Objective: The primary objective was to assess the diagnostic accuracy of a deep learning-based artificial intelligence model for the detection of acute appendicular fractures in pediatric patients presenting with a recent history of trauma to the emergency department. The secondary goal was to examine the effect of assistive support on the emergency doctor's ability to detect fractures.
Methods: The dataset was 5,150 radiographs of which 850 showed fractures, while 4,300 radiographs did not show any fractures. The process utilized 4,532 (88%) radiographs, inclusive of both fractured and non-fractured radiographs, in the training phase. Subsequently, 412 (8%) radiographs were appraised during validation, and 206 (4%) were set apart for the testing phase. With and without artificial intelligence assistance, the emergency doctor reviewed another set of 2,000 radiographs (400 fractures and 600 non-fractures each) for labeling in the second test.

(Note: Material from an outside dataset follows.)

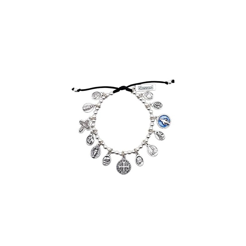 - 13 silver-tone double-sided saint medals, silver-tone beads, and our signature "blessed" tag.

Results: The artificial intelligence model showed a mean average precision 50 of 89%, a specificity of 92%, a sensitivity of 90%, and an F1 score of 90%. The confusion matrix revealed that the model trained with artificial intelligence achieved accuracies of 93 and 95% in detecting fractures, respectively. Artificial intelligence assistance improved the reading sensitivity from 93.7% (without assistance) to 97.0% (with assistance) and the reading accuracy from 88% (without assistance) to 94.9% (with assistance).
Conclusion: A deep learning-based artificial intelligence model has proven to be highly effective in detecting fractures in pediatric patients, enhancing the diagnostic capabilities of emergency doctors through assistive support.